We are writing to share the hardest decision we have ever had to make. After a long process of deliberation and evaluation, Christopher has decided to proceed with the heart/liver transplant process. He is now a candidate at Stanford Medical Center. After a lifetime with congenital heart disease, six heart surgeries, several other heart-related procedures, three pacemakers, multiple hospitalizations, and nearly dying on more than one occasion, Christopher’s doctors have advised that all treatments to keep his heart going have been exhausted: a new heart and liver is his only option. This will be a long, difficult, and costly process. We embark on this journey with mixed emotions ranging from terror and sadness to excited anticipation for a new lease on life and many more years with his wife, young son, and loving community.

Updates (24)

July 28, 2023

Hello Friends. July 16th of this year was one year since my heart and liver transplant. I had an extensive one-year check-up and all is well. Besides a positive clinical outlook, my body feels incredible. I have so much more capacity for life and all that it brings. My life has gone from black and white to color as a result of the health and vitality I now feel. I have such immense gratitude for my donor and for his family who, in what was likely a devastating hour, chose to give me this gift. I hold their grief close to my new heart. The last year has not been easy despite how good I feel. My family looks different than it did a year ago, but I feel confident that we are all moving towards continued healing. In fact, no longer being so sick allows me to do some long-needed personal work that previously I simply wasn’t able to handle. I remain deeply grateful to Jen for all she endured, held, and did over the years of my sickness and beyond. My son, who we love so dearly, is so lucky to have a mother that works as hard as she does at loving and at doing what needs to be done. And we are all grateful for those of you that have been there for us and continue to be here for us. We hope to offer up some of the love and support we have been given as it may be needed in different corners of our community. I don’t know what the next year brings, but it is damn good to be coming back to life. Blessings and gratitude.

January 23, 2023

Hello Everyone. On January 16th I celebrated six months with my new organs. It’s incredible to feel so good and to have energy I haven’t had since I was young. In the last six months I literally shed my skin, grew new nails, and watched skin conditions and varicose veins just clear up. I am able to move, run, and exercise in ways I haven’t in years. Best of all, I can play with my four-year old boy in the physical ways that he has longed for but only his mama, relatives and friends have been able to give him. Now, papa can do it too. My donor and his family gave me so much more than just two organs.

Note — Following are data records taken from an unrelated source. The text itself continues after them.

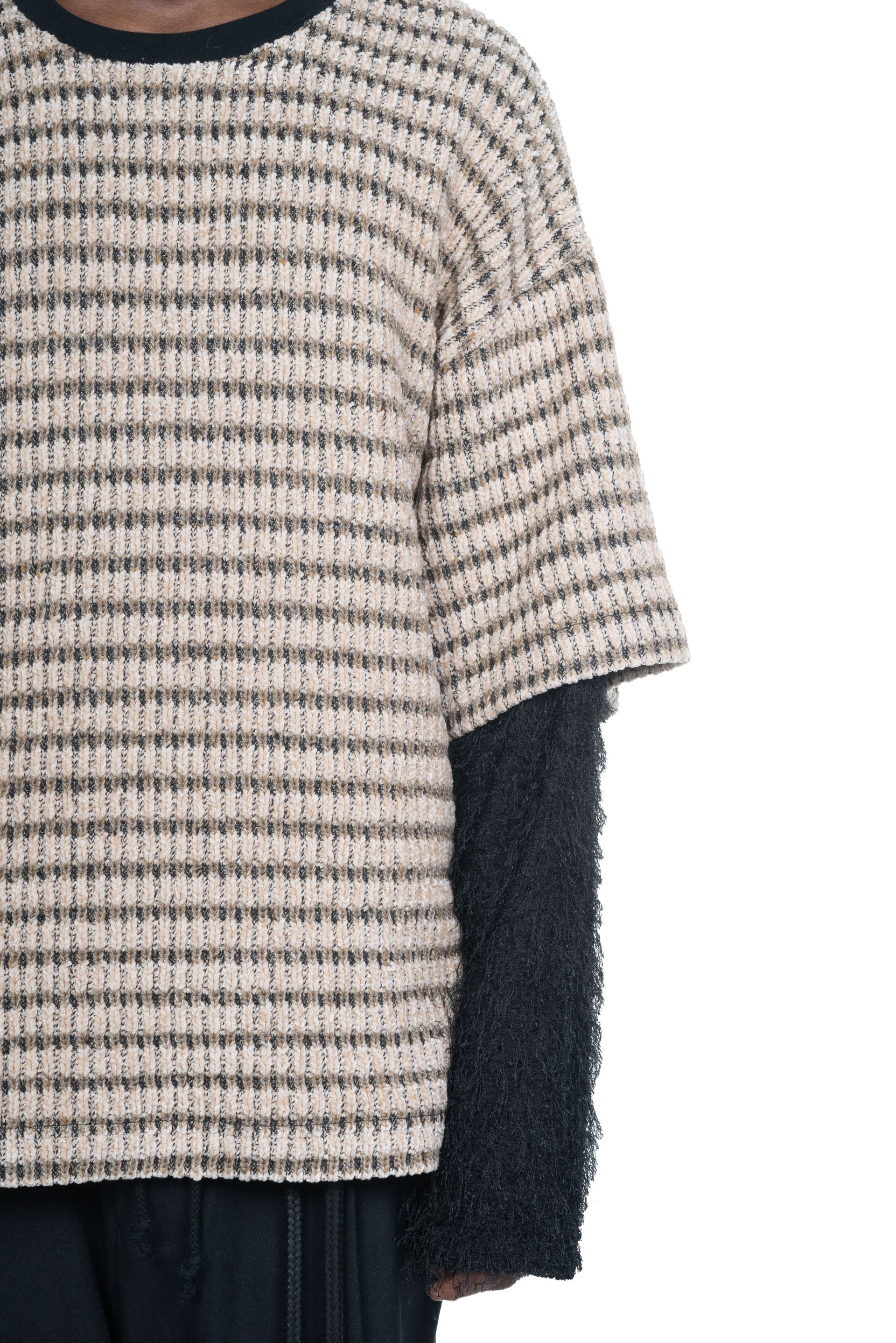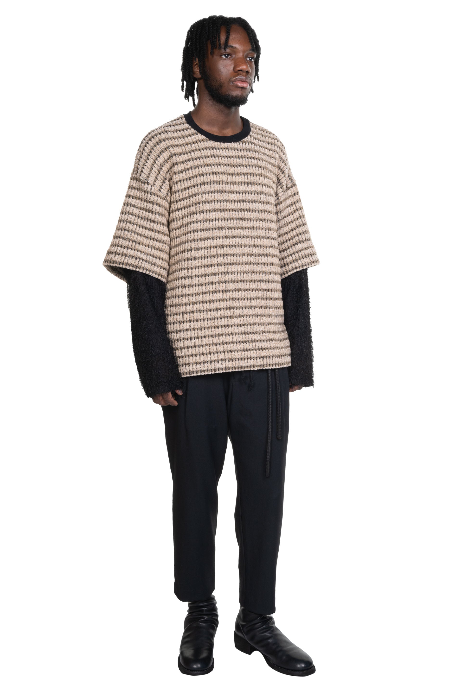 Double layered oversized pullover in a ribbed poly acrylic blend. Featuring dropped shoulders, cotton ribbing and double-layer effect sheer shaggy sleeves.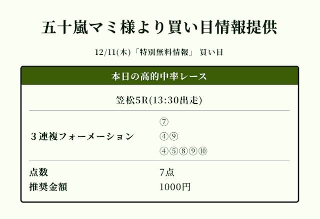 続いては、競馬ナンバー1の無料予想の中でも特に素晴らしい予想だと感じたレースをご紹介します!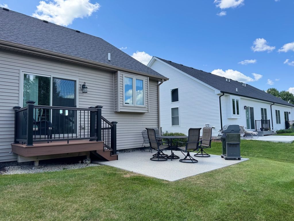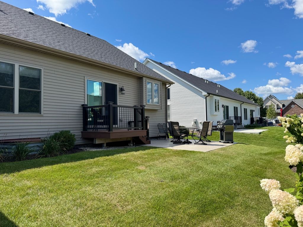 Welcome to your dream home in the desirable Deerpath Creek Villas, a stunning custom ranch that seamlessly blends elegant design with modern convenience. As you step inside, you'll be captivated by the dark wide wood floors that stretch throughout the open layout, providing a warm and inviting atmosphere. The spacious kitchen boasts sleek granite countertops and stainless steel appliances, perfect for culinary enthusiasts and entertaining guests. This charming residence features two comfortable bedrooms and two full bathrooms, thoughtfully designed for both privacy and functionality. The primary suite is a tranquil retreat, showcasing an elegant tray ceiling and an oversized shower for a spa-like experience. An additional loft area offers versatility, whether you envision it as a cozy reading nook, a home office, or a creative space. The accessibility of enlarged doorways ensures a seamless flow and comfort for everyone. Complementing the interior is a full basement, providing ample storage or the potential for additional living space tailored to your needs. Step outside onto the Trex deck that gracefully descends to a cozy patio, ideal for enjoying your morning coffee or evening gatherings under the stars. Enjoy the tranquility of community living while being just a stone's throw away from local amenities and nature trails. Don't miss your chance to own this exceptional property that combines style, comfort, and thoughtful design. Schedule a private tour today and discover the possibilities that await you!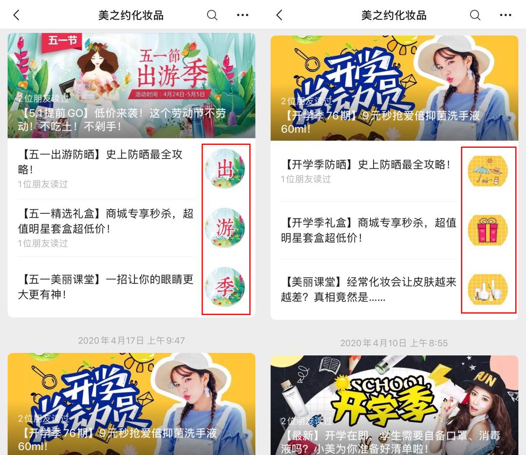 千色店:千色店服务号的内容更新周期为一周或两周,内容聚焦于微商城内产品的介绍和折扣,并附带微店链接,实现成交闭环,同时,在文章下方有微信二维码,并以优惠券的形式鼓励用户添加。另外,“千色店”在文章头图方面选择较随意,同一张图片用过三次推文,极易在用户内心造成审视疲劳。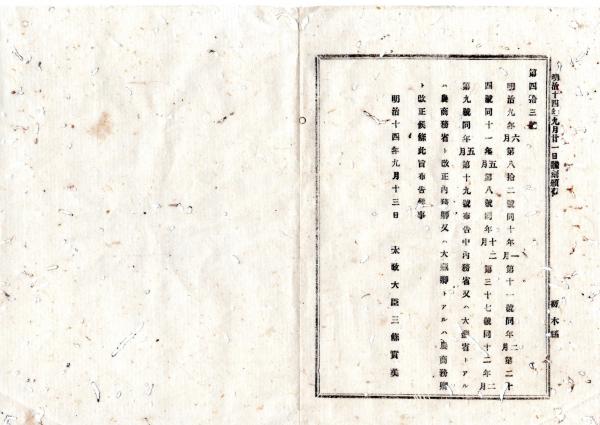 明治布告布達 明治14年○明治9年第82号布告ほか6件の布告中 内務省大蔵省又は大蔵卿とあるを 農商務省農商務卿と改正○太政官布告 栃木県○和本古書古文書
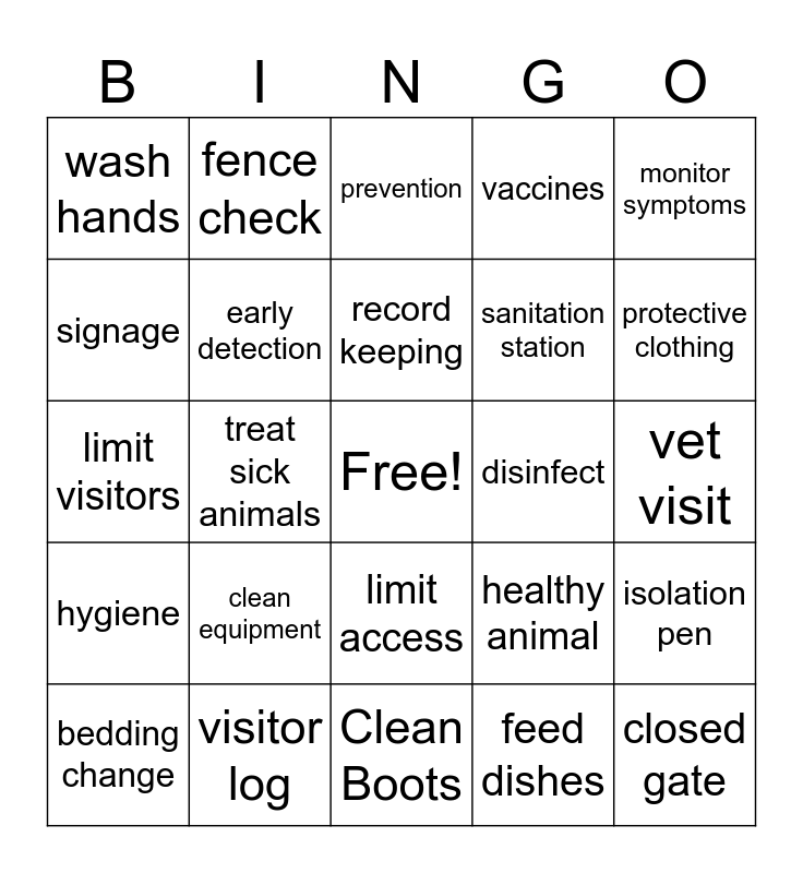 This bingo card has a free space and 31 words: Clean Boots, quarantine, treat sick animals, proper feed storage, wash hands, prevention, early detection, healthy animal, disinfect, feed dishes, vet visit, closed gate, biosecurity, clean water, protective clothing, pest control, isolation pen, clean equipment, hygiene, limit access, monitor symptoms, waste disposal, bedding change, fence check, sanitation station, signage, vaccines, limit visitors, visitor log, record keeping and animal stress.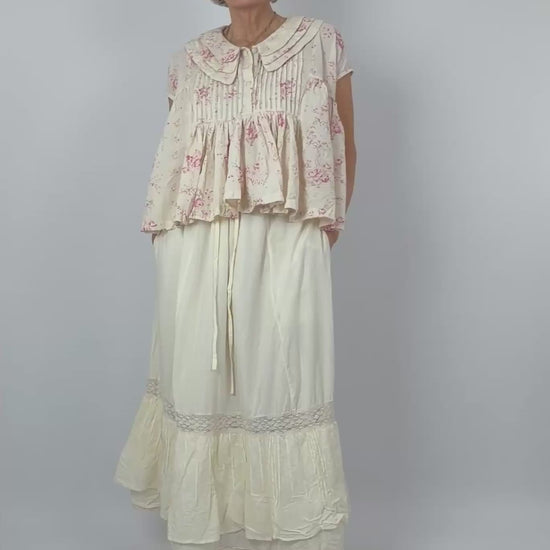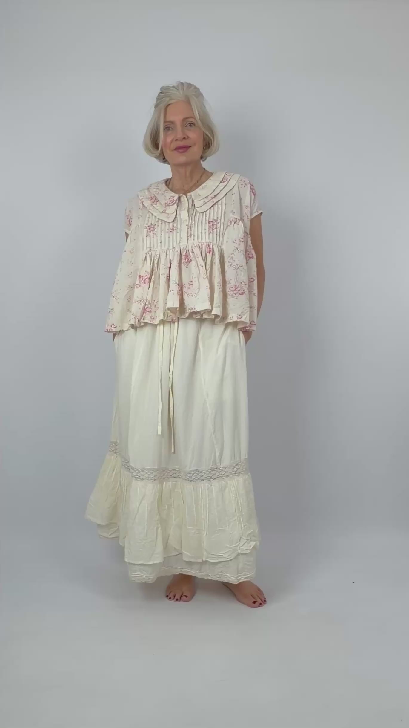 The Chicka skirt embodies vintage-inspired sophistication with contemporary practicality. Crafted from fluid, lightweight fabric and fully lined in cotton voile, it delivers effortless drape and breathable comfort. An adjustable drawstring waist flatters your silhouette whilst maintaining freedom of movement. Pleated detailing and delicate cotton lace trim evoke romantic, handcrafted elegance, whilst two concealed interior pockets provide functional refinement. A versatile piece that transitions seamlessly from day to evening wear.

Transplant is not merely a physical experience however, and emotionally and spiritually, it has been more challenging. There is an understandable sense that someone in my position would feel nothing but joy and gratitude. While I do experience both of those, the reality is more complex. Any life-threatening struggle is intense for everyone involved even after, and maybe especially after, you survive it. Returning home to a house with two other people who’ve also been through this huge, scary, and exhausting experience is… well as a friend says, it’s a trauma lasagna. It is understandable that we would struggle after such an experience, even if it went very well. Most people I’ve talked to about this, including counselors, are not at all surprised. But it took me back and has been harder than I’d anticipated. That said, we are slowly making our way through it and re-learning how to be a family and figuring out what that may look like moving forward. We are ever grateful for everyone’s love and support through every step. We also have begun feeling a strong draw to get back into life. So while I am immune-compromised and we still need to take precautions, please don’t assume we wont want to come to your party, dinner, or event. This also includes giving back to this community that has given us so much. So if we can be of any help, in any way, please give us the opportunity to do so. It would not be a burden but an honor to again participate in the mutual indebtedness that allows communities to thrive.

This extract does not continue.